Dataset extract »
=== Begin Enclosure ===

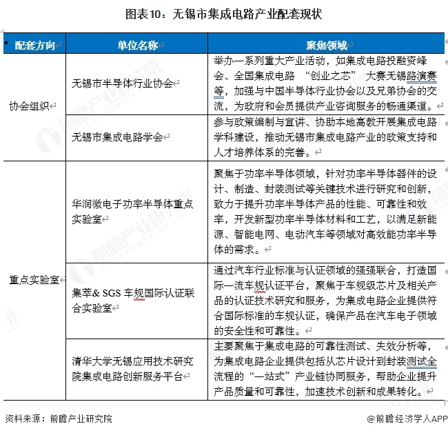无锡市大力推进集成电路产业发展,在协会组织、重点实验室配套发展等方面给予了重要的产业支撑。协会组织主要有无锡市半导体行业协会、无锡市集成电路学会;重点实验室主要有华润微电子功率半导体重点实验室、集萃& SGS车规国际认证联合实验室、清华大学无锡应用技术研究院集成电路创新服务平台等。
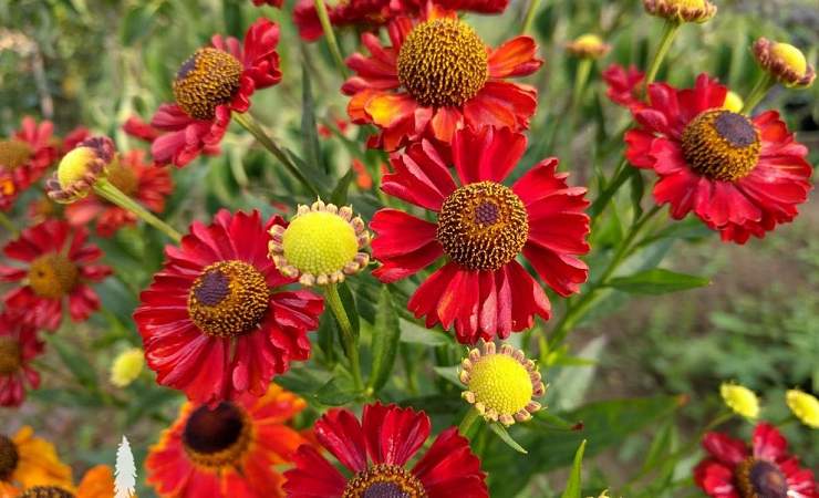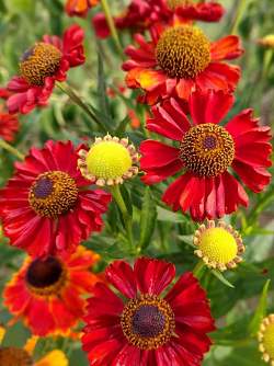 Гелениум Hot Lava (Хот Лава). Открытый красный цвет, почти алый, не так часто встречается у гелениумов. В основном это сложные оттенки. Сорт Хот Лава не вырастает выше 80 см, в диаметре куст достигает 50-60 см. Побеги мощные, разветвленные, хорошо облиственные. Цветет с июля по сентябрь. Цветки крупные, ярко-красные, с желтыми всполохами.
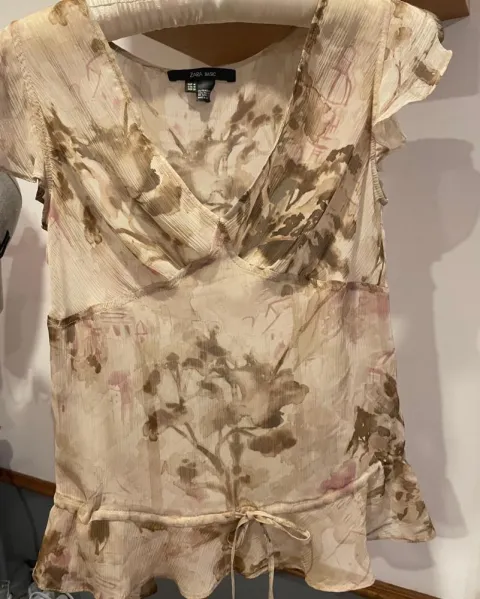 Blusa seda estampada. Blusa de seda delgada estampada , escote en V , queda mejor a talla chica , ajuste en cintura ✨😉
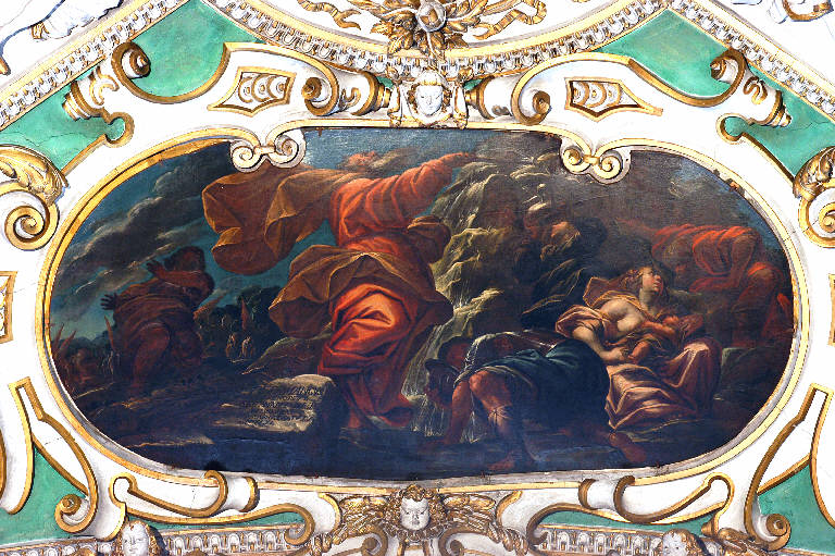 - NOTIZIE STORICO CRITICHE Il dipinto, dedicato al celebre episodio biblico narrato nel libro dell'Esodo (17, 1-7), è firmato da Pietro Mango, un pittore di origine napoletana di cui non sappiamo molto. L'iscrizione posta in basso a sinistra riassume i pochi dati biografici noti sull'autore; la data, che è stata probabilmente mal ridipinta, informa che l'opera è stata realizzata nel 1661, mentre il nome di Pietro Mango, nei documenti della Basilica, compare solo nel 1656. \nNei libri contabili della Misericordia Maggiore, infatti, un appunto datato al 31 maggio di quell'anno riferisce che Pietro Mango "pittore Napoletano, che di presente serve all'Altezza Serenssima di Mantova" è autorizzato a preparare un quadro di presentazione per i deputati della MIA, che sarà poi pagato "qello che parerà conveniente al Mag. Consiglio"; qualche mese dopo, il 4 agosto, l'artista ricevette un pagamento di 200 lire a saldo del suo lavoro (Noris, in "I pittori bergamaschi...Il Seicento", vol. IV, p. 164, scheda 3). \nL'opera è stata probabilmente restaurata da Franco Steffanoni nel 1960; nella relazione in data 24 maggio 1961, si accenna infatti alle operazioni eseguite su "10 dipinti su tela" posti nella navata meridionale, non elencati singolarmente, forse da identificare con quelli collocati sulle volte e sulle pareti del braccio meridionale del transetto (doc. in data 24 maggio 1961, prot. 1232, cat. 5, clas. 6, fasc. 17, Archivio Congregazione Misericordia Maggiore, Bergamo).

=== End Enclosure ===

A verbatim copy of the material is needed; pictures are not to appear in it.

Your response »
无锡市大力推进集成电路产业发展,在协会组织、重点实验室配套发展等方面给予了重要的产业支撑。协会组织主要有无锡市半导体行业协会、无锡市集成电路学会;重点实验室主要有华润微电子功率半导体重点实验室、集萃& SGS车规国际认证联合实验室、清华大学无锡应用技术研究院集成电路创新服务平台等。
 Гелениум Hot Lava (Хот Лава). Открытый красный цвет, почти алый, не так часто встречается у гелениумов. В основном это сложные оттенки. Сорт Хот Лава не вырастает выше 80 см, в диаметре куст достигает 50-60 см. Побеги мощные, разветвленные, хорошо облиственные. Цветет с июля по сентябрь. Цветки крупные, ярко-красные, с желтыми всполохами.
 Blusa seda estampada. Blusa de seda delgada estampada , escote en V , queda mejor a talla chica , ajuste en cintura ✨😉
 - NOTIZIE STORICO CRITICHE Il dipinto, dedicato al celebre episodio biblico narrato nel libro dell'Esodo (17, 1-7), è firmato da Pietro Mango, un pittore di origine napoletana di cui non sappiamo molto. L'iscrizione posta in basso a sinistra riassume i pochi dati biografici noti sull'autore; la data, che è stata probabilmente mal ridipinta, informa che l'opera è stata realizzata nel 1661, mentre il nome di Pietro Mango, nei documenti della Basilica, compare solo nel 1656. \nNei libri contabili della Misericordia Maggiore, infatti, un appunto datato al 31 maggio di quell'anno riferisce che Pietro Mango "pittore Napoletano, che di presente serve all'Altezza Serenssima di Mantova" è autorizzato a preparare un quadro di presentazione per i deputati della MIA, che sarà poi pagato "qello che parerà conveniente al Mag. Consiglio"; qualche mese dopo, il 4 agosto, l'artista ricevette un pagamento di 200 lire a saldo del suo lavoro (Noris, in "I pittori bergamaschi...Il Seicento", vol. IV, p. 164, scheda 3). \nL'opera è stata probabilmente restaurata da Franco Steffanoni nel 1960; nella relazione in data 24 maggio 1961, si accenna infatti alle operazioni eseguite su "10 dipinti su tela" posti nella navata meridionale, non elencati singolarmente, forse da identificare con quelli collocati sulle volte e sulle pareti del braccio meridionale del transetto (doc. in data 24 maggio 1961, prot. 1232, cat. 5, clas. 6, fasc. 17, Archivio Congregazione Misericordia Maggiore, Bergamo).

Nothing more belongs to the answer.